- - Thursday, August 13, 2015

President Obama has endorsed the idea that the United States, like Australia, should require citizens to vote, under pain of punishment if they don’t. Hillary Clinton supports various schemes to eliminate voter-identification laws and other “impediments” to voting, Bernie Sanders wants election day to be declared a national holiday (maybe on Saturday). Eric Holder leads a crusade to grant felons the vote, and Gov. Terry McAuliffe of Virginia wants to drop voter registration, and prospective voters could just say that they’re citizens and they’re entitled to vote. Trust, not verify.

This is part of a Democratic scheme to “expand the electorate” in states expected to be the key to success in the 2016 presidential election. Democrats are convinced that their voters often fail to show up, either because it’s too much trouble, they’re barred from voting legally, or they’re just not interested in voting. Given the razor-thin margins expected in some states, a few more votes per precinct could make the difference, and guarantee Democratic control of the White House.

It doesn’t matter how many people like a candidate unless the voters show up to mark a ballot for him. That’s why the campaigns spend so much time, effort and money on voter registration drives like the GOTV (Get Out the Vote) campaigns. The way to win, obviously, is to persuade a majority of voters of the superiority of the candidate’s views and qualifications. That must be accompanied, however, by turning out friendly voters and discouraging unfriendly voters.

The common wisdom for decades has been that Democratic voters are less likely to vote than Republicans. If voters can’t be persuaded by good citizenship to make it to the polls, maybe the law can do it — vote, or else. After the “licking” Mr. Obama and Democratic candidates took last year he made it clear that he was listening not to the voters who voted, but to those who didn’t.

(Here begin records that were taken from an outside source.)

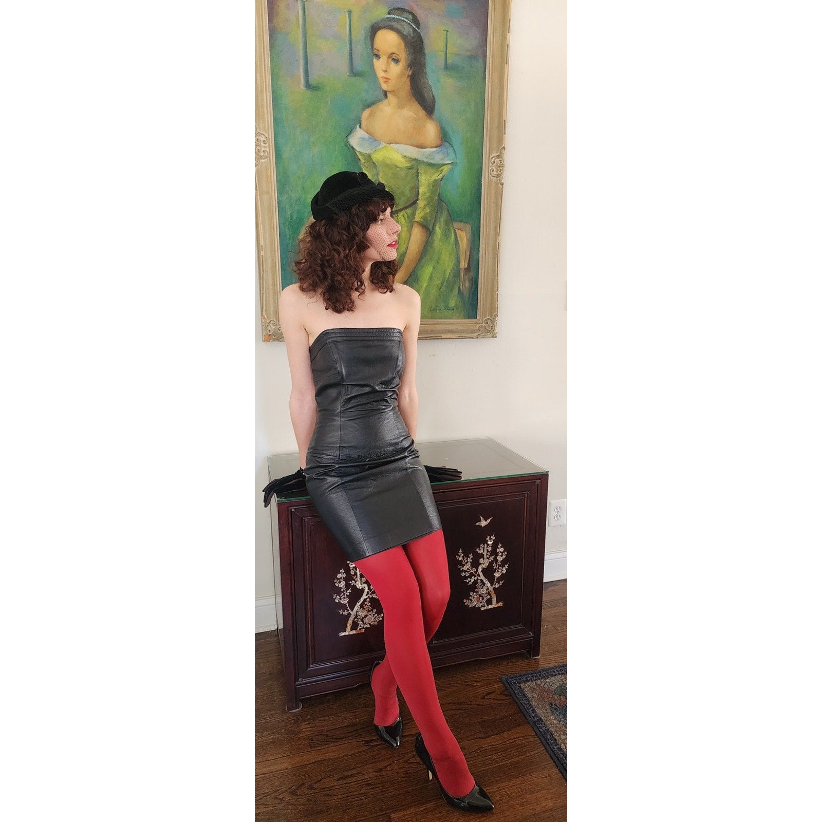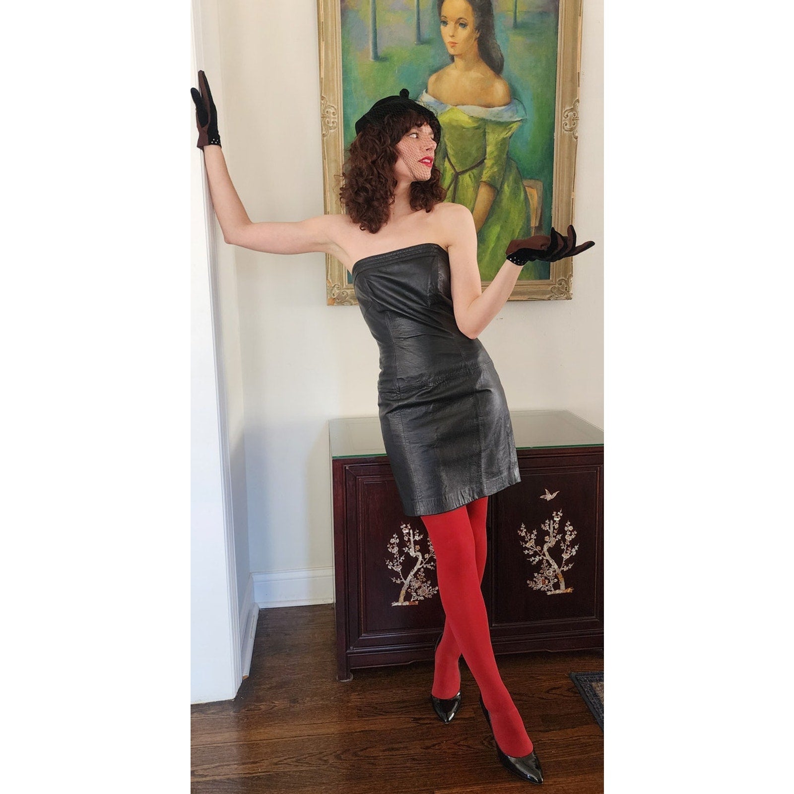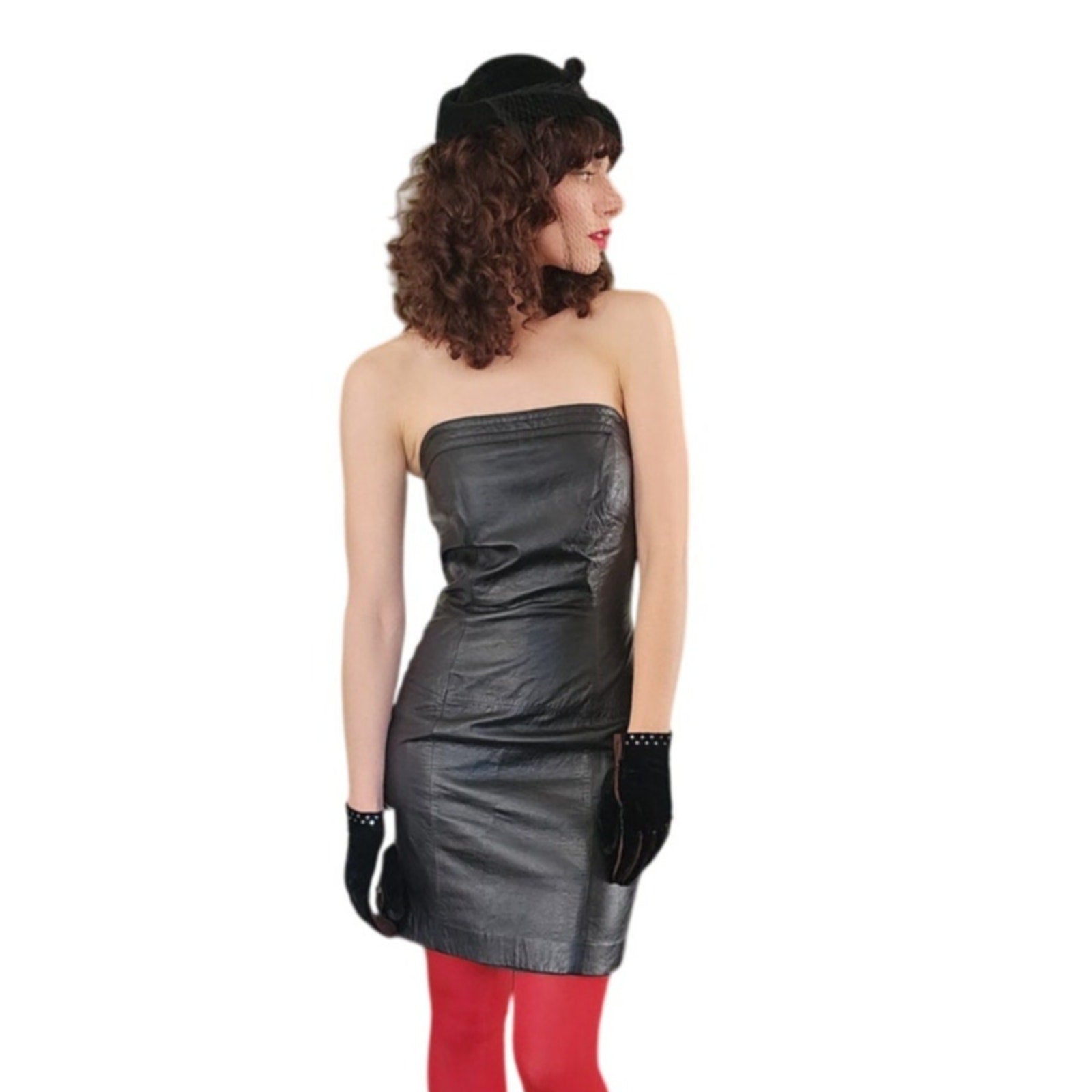 Vintage 90s Black Leather Strapless Dress Bodycon August Silk / S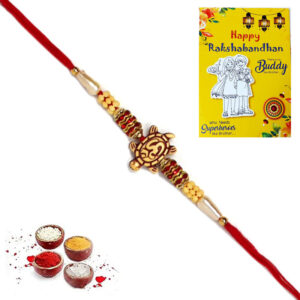 This unique Rakhi features a tortoise and OM design with red AD stones. It’s a beautiful and meaningful gift for your brother, perfect for the auspicious occasion of Raksha Bandhan.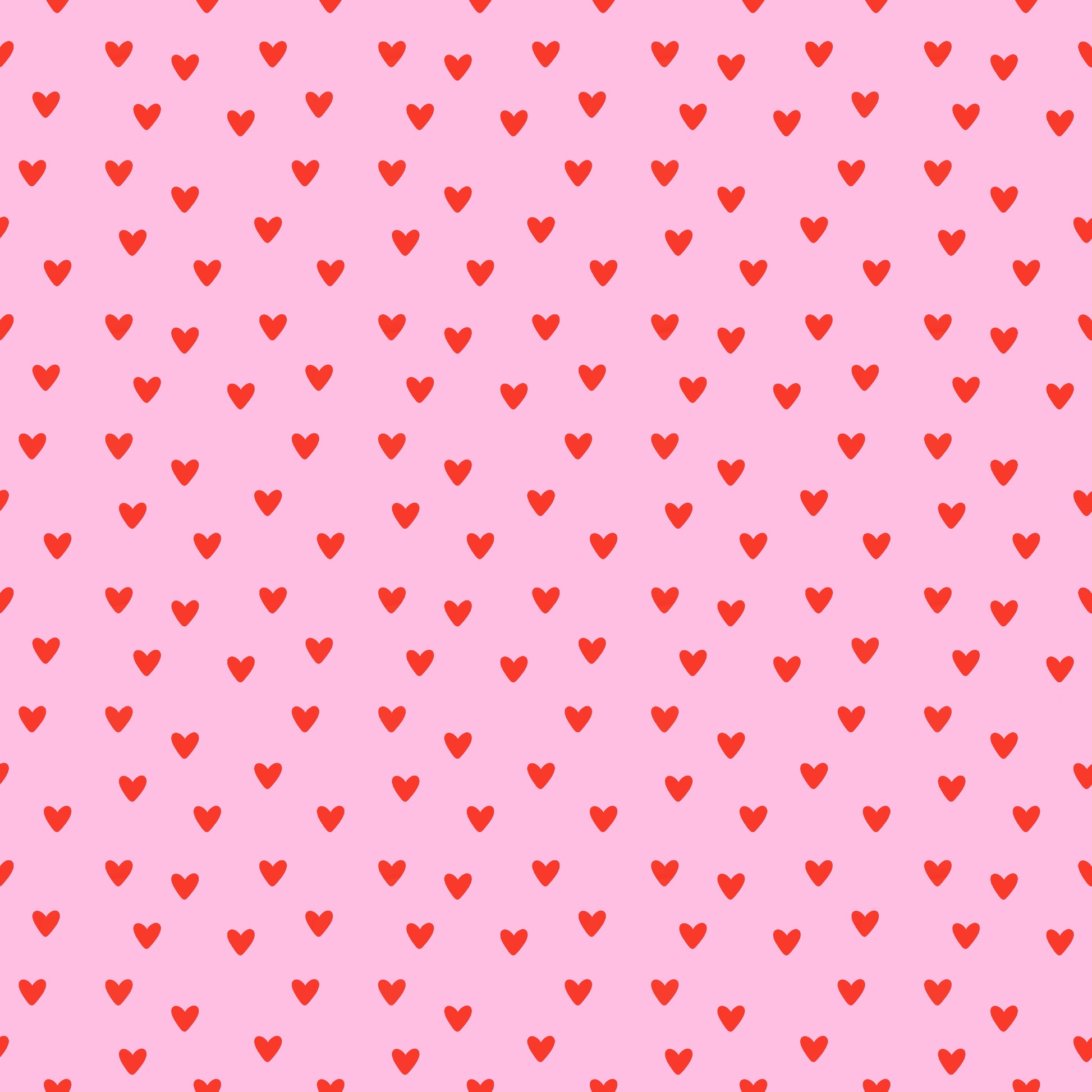Small red hearts scattered on a baby pink background. It is classic, timeless, and looks great mixed with other patterns (how about mixing with the Wavy Check?).

The conventional wisdom that Republicans are more eager to vote than Democrats may be correct; the conventional wisdom is occasionally wise. Public-opinion polls in recent years have shown that voters who actually vote break approximately even between the parties. There are other voters who would be reliably Democratic, so the politicians think, and in particular convicted felons and immigrants, particularly those who sneak across the border and who could be made eligible quickly.

Democrats, who dream not of a big tent but a big net, dismiss the idea that there could be abuses of loose voter laws, and thus favor changes that will make voter fraud easier. This would inevitably undermine public confidence in the electoral system and hence undermine the foundation of the republic. That’s a steep price for a few votes.